With pictures removed, the data below should be returned exactly.

» Data section:
--------

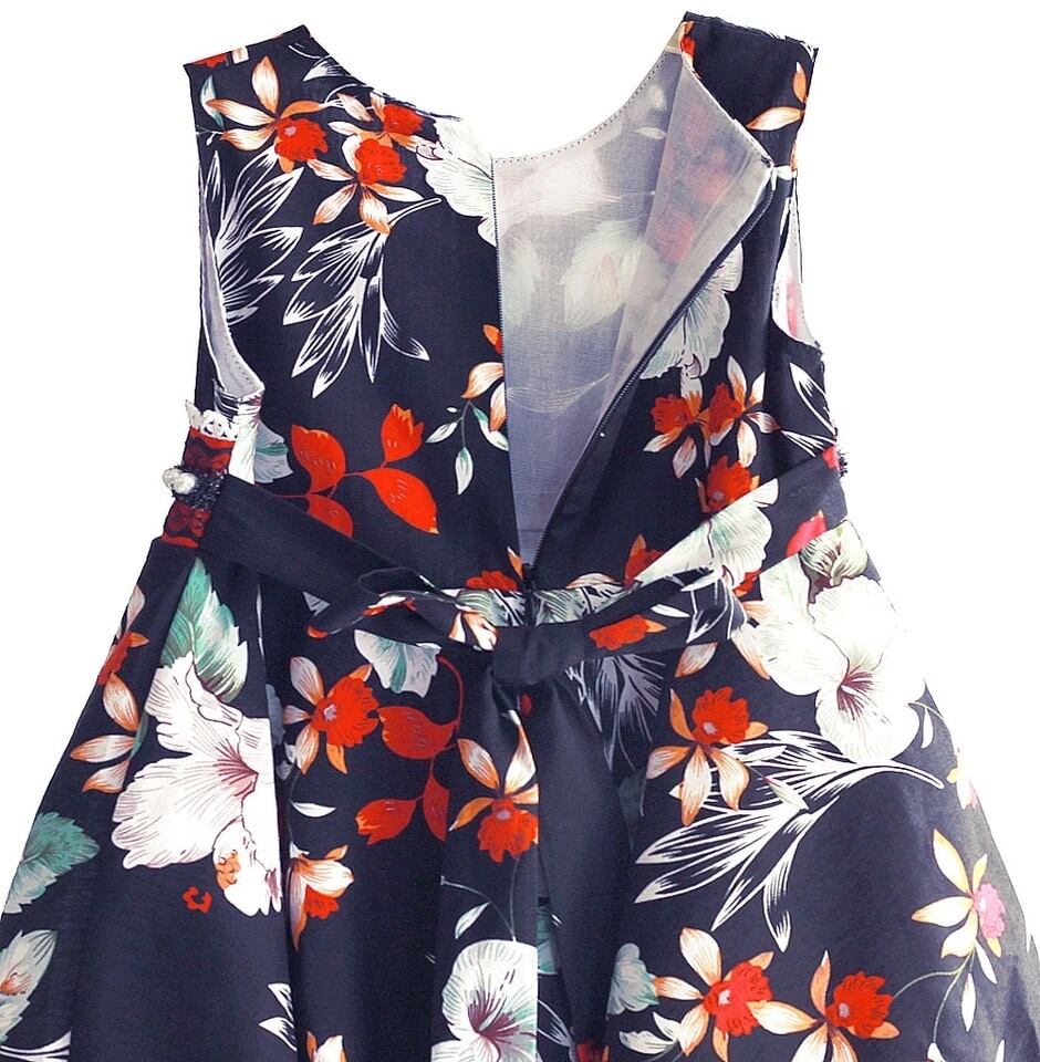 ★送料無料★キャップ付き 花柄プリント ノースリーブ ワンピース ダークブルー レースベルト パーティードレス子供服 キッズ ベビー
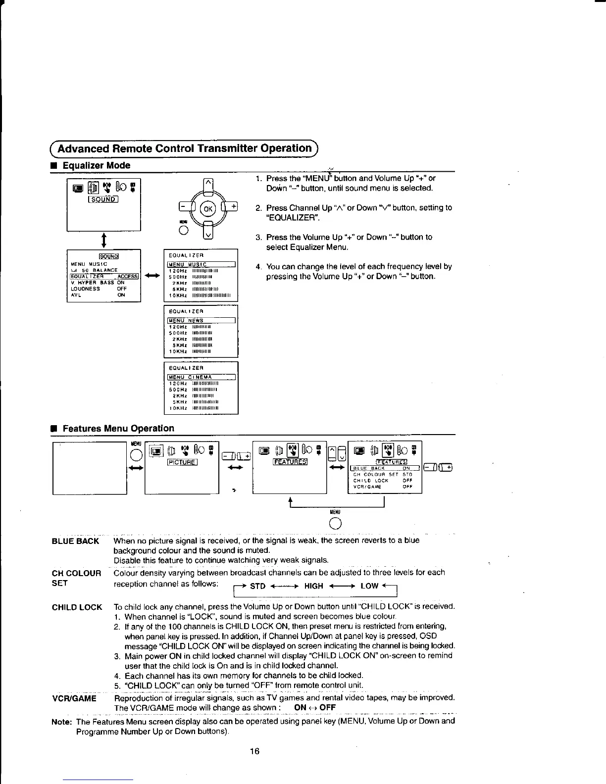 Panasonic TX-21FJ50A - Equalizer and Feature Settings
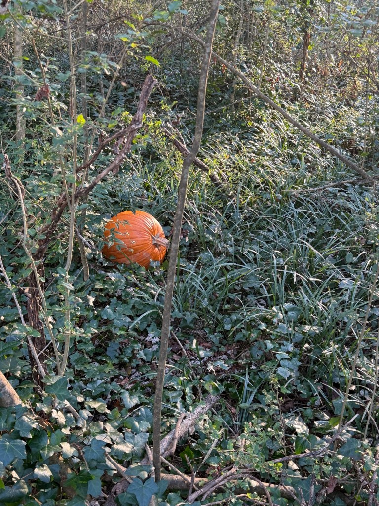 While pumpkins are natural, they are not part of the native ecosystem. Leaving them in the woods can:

--------

» Answer:
 ★送料無料★キャップ付き 花柄プリント ノースリーブ ワンピース ダークブルー レースベルト パーティードレス子供服 キッズ ベビー
 Panasonic TX-21FJ50A - Equalizer and Feature Settings
 While pumpkins are natural, they are not part of the native ecosystem. Leaving them in the woods can:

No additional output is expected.